** Extracted entries follows **

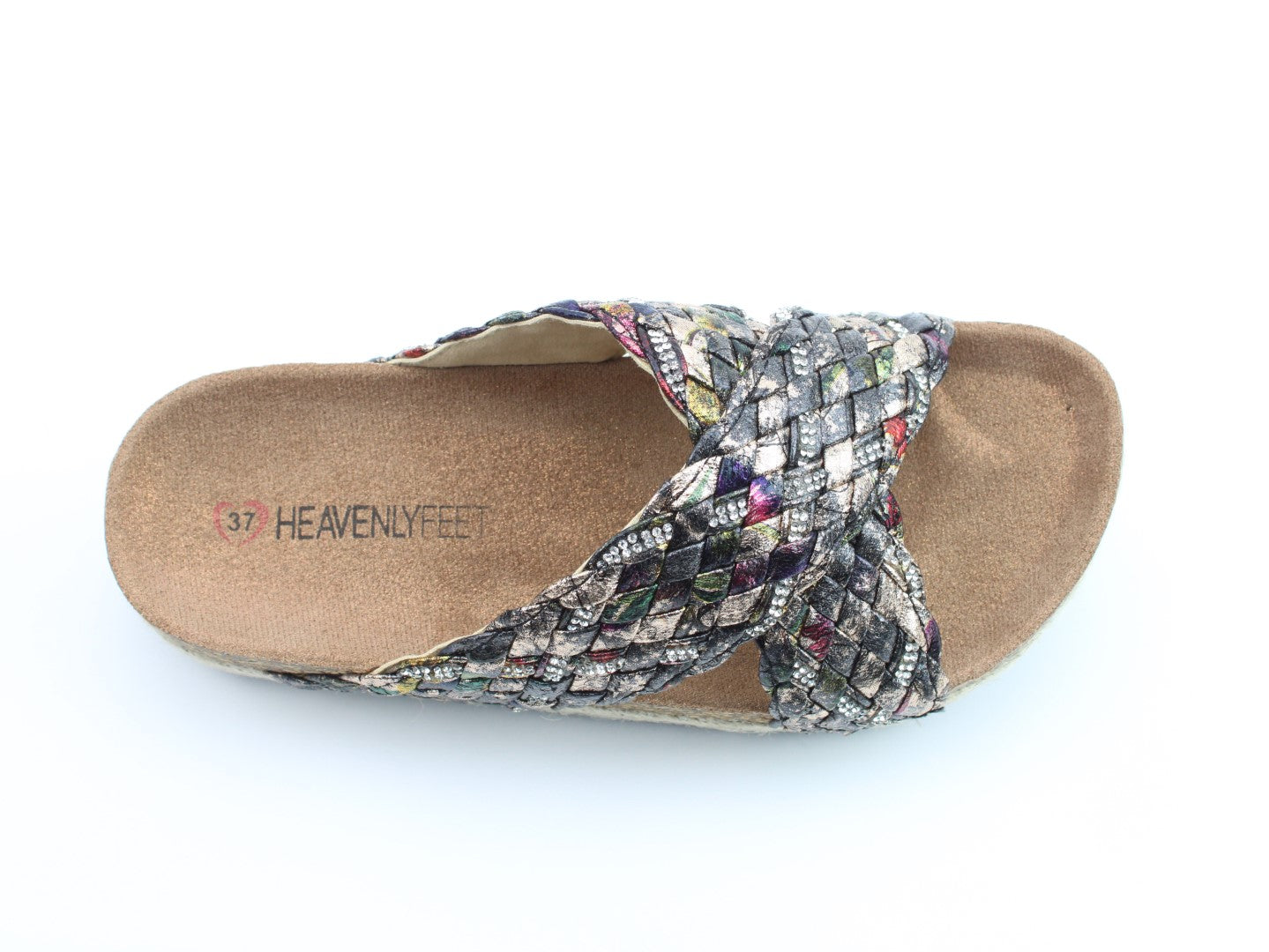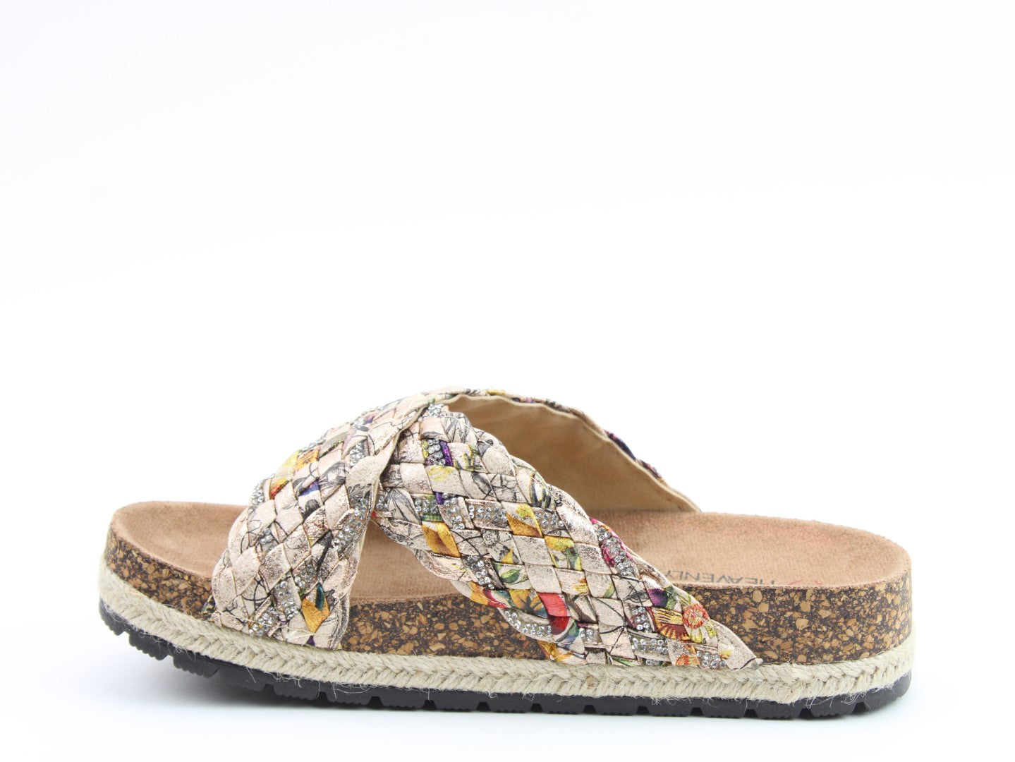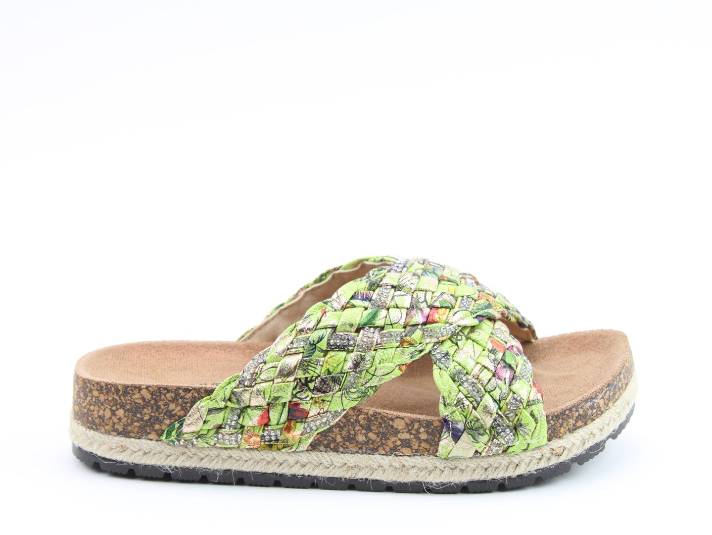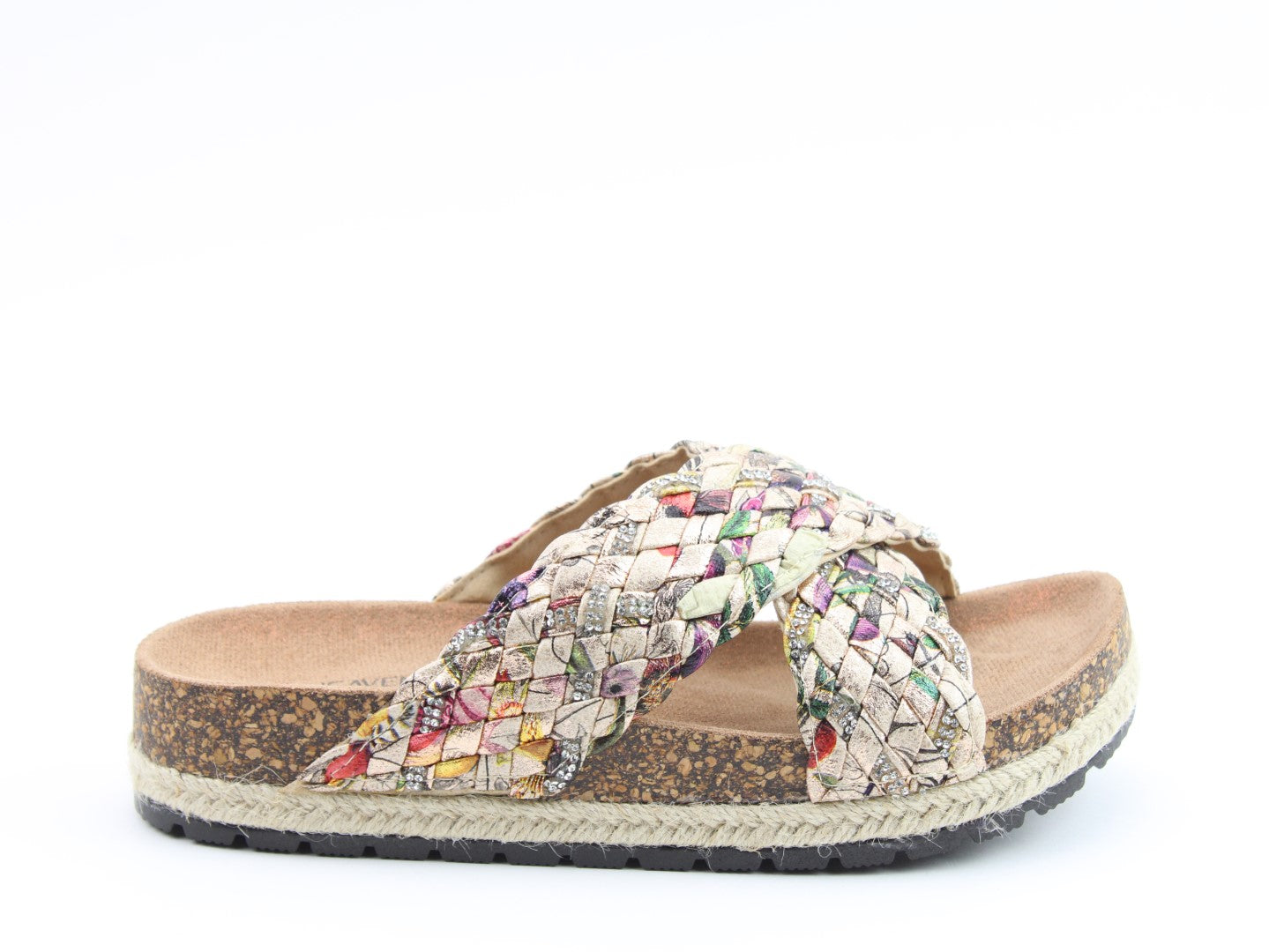 Step into comfort and style with the Erin bio-sandal. The soft patterned upper offer a little glitz and glamour via the inter-woven diamante jewels, whilst the cork-inspired outsole with jute surround provides a blend of casual elegance and everyday wear-ability. Ideal for warm-weather outings, Erin delivers breathable comfort and a soft contoured foot-bed for all day support.
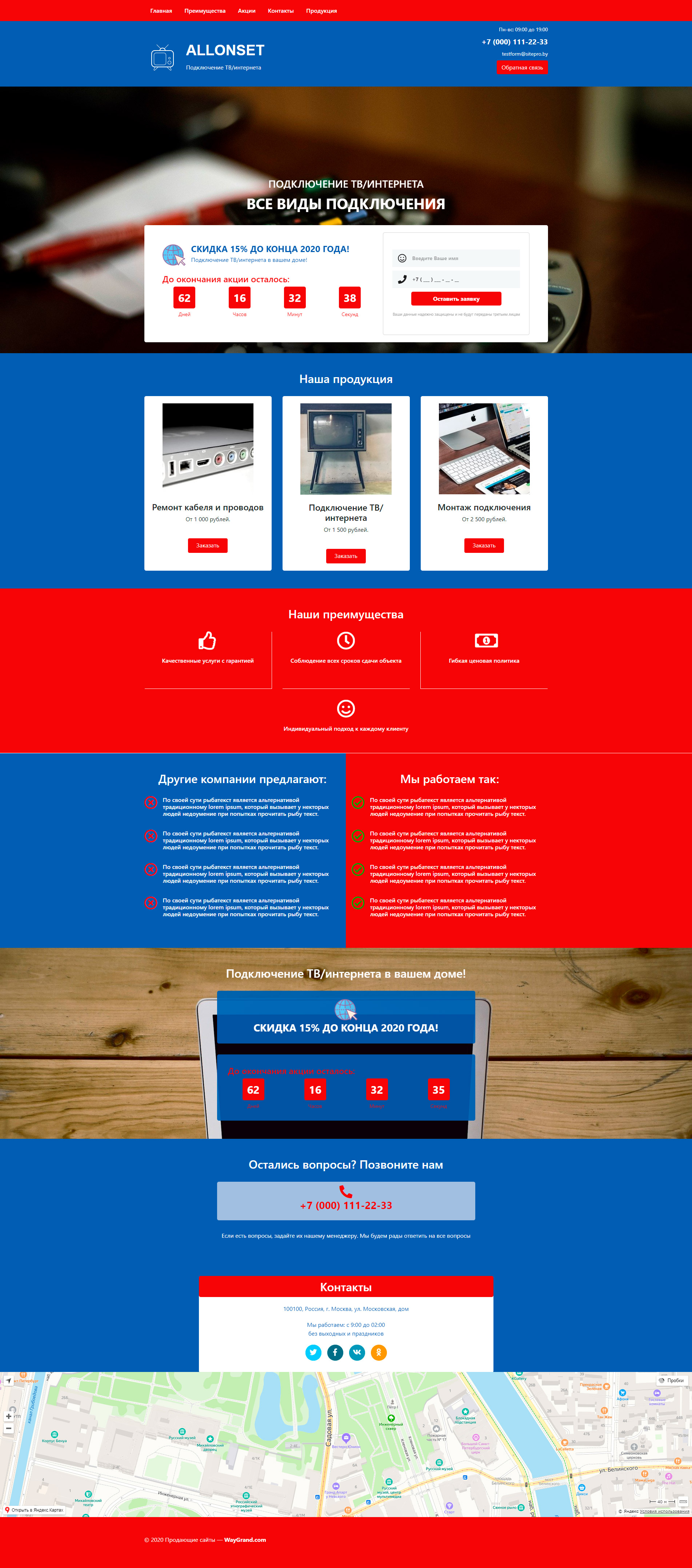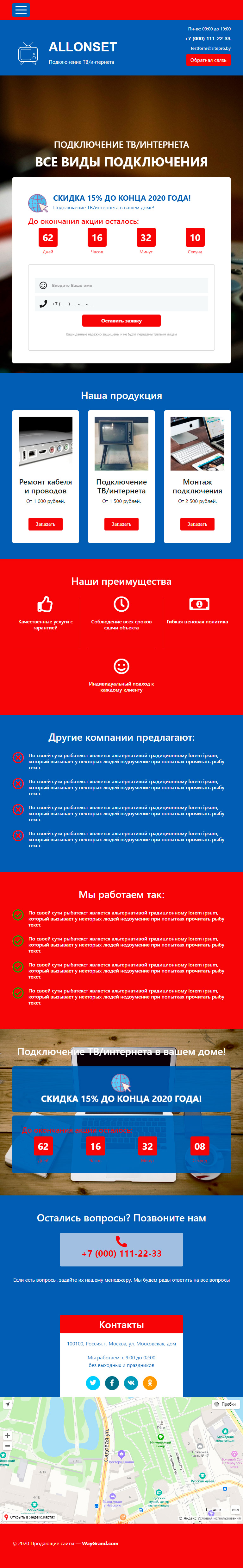 Закажите готовый продающий сайт лендинг #0718201 в Астрахани за 1-3 дня «под ключ»: свёрстан, отрисован и готов к рекламе. Тематика шаблона «Подключение ТВ/интернета».
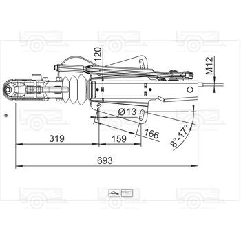 Vonórúd átmérő: 50 mm Típusa: 251G Alkalmazott kapcsolófej: AK301 Illeszkedő fékszerkezet: 1637/2051 Anyaga: Acéllemez Teherbírás: 1550-3000 kg Max. terhelhetőség: 3000 kg
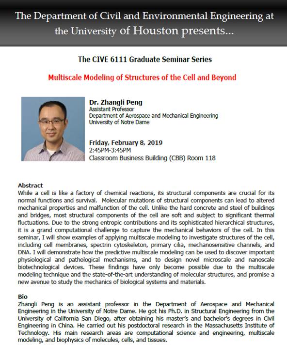 You are invited to attend the Civil & Environmental Engineering CIVE 6111 Graduate Seminar titled Multiscale Modeling of Structures of the Cell and Beyond by Dr. Zhangli Peng this Friday, February 8th from 2:30PM-4:00PM. We will serve light refreshments and set-up from 2:30-2:45PM. The talk will be held from 2:45PM-3:45PM in the Classroom Business Building (CBB) Room 118.
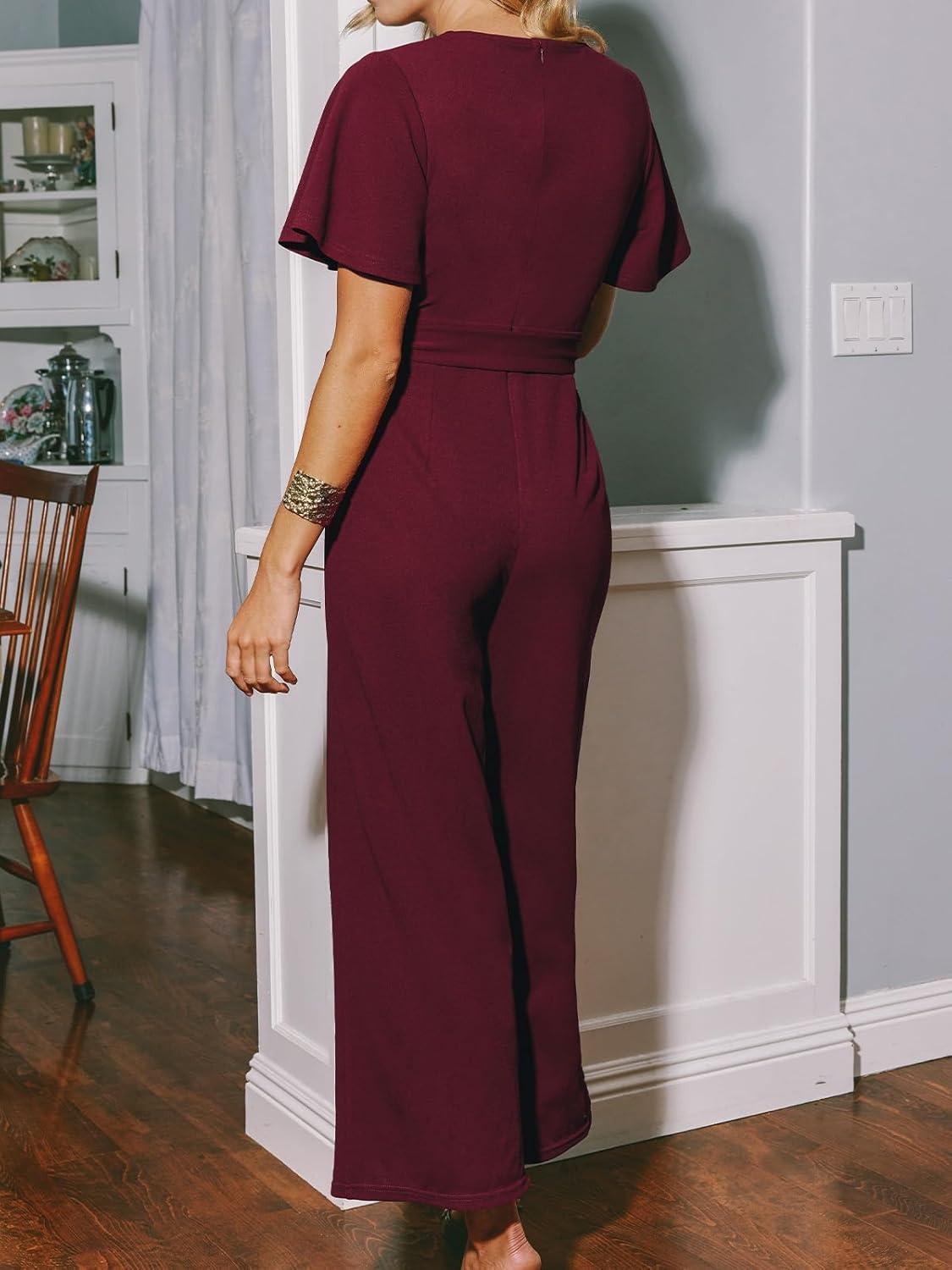 CUPSHE Womens Maxi Jumpsuit Dressy V Neck Short Sleeves Wide Leg Belted One Piece Outfit Overall Casual Fall Romper(Burgundy)

** End of Extracted entries **

§ **Task description**
Reproduce the data exactly as it appears above. Pictures are to be left out.

§ **The completed task**
 Step into comfort and style with the Erin bio-sandal. The soft patterned upper offer a little glitz and glamour via the inter-woven diamante jewels, whilst the cork-inspired outsole with jute surround provides a blend of casual elegance and everyday wear-ability. Ideal for warm-weather outings, Erin delivers breathable comfort and a soft contoured foot-bed for all day support.
 Закажите готовый продающий сайт лендинг #0718201 в Астрахани за 1-3 дня «под ключ»: свёрстан, отрисован и готов к рекламе. Тематика шаблона «Подключение ТВ/интернета».
 Vonórúd átmérő: 50 mm Típusa: 251G Alkalmazott kapcsolófej: AK301 Illeszkedő fékszerkezet: 1637/2051 Anyaga: Acéllemez Teherbírás: 1550-3000 kg Max. terhelhetőség: 3000 kg
 You are invited to attend the Civil & Environmental Engineering CIVE 6111 Graduate Seminar titled Multiscale Modeling of Structures of the Cell and Beyond by Dr. Zhangli Peng this Friday, February 8th from 2:30PM-4:00PM. We will serve light refreshments and set-up from 2:30-2:45PM. The talk will be held from 2:45PM-3:45PM in the Classroom Business Building (CBB) Room 118.
 CUPSHE Womens Maxi Jumpsuit Dressy V Neck Short Sleeves Wide Leg Belted One Piece Outfit Overall Casual Fall Romper(Burgundy)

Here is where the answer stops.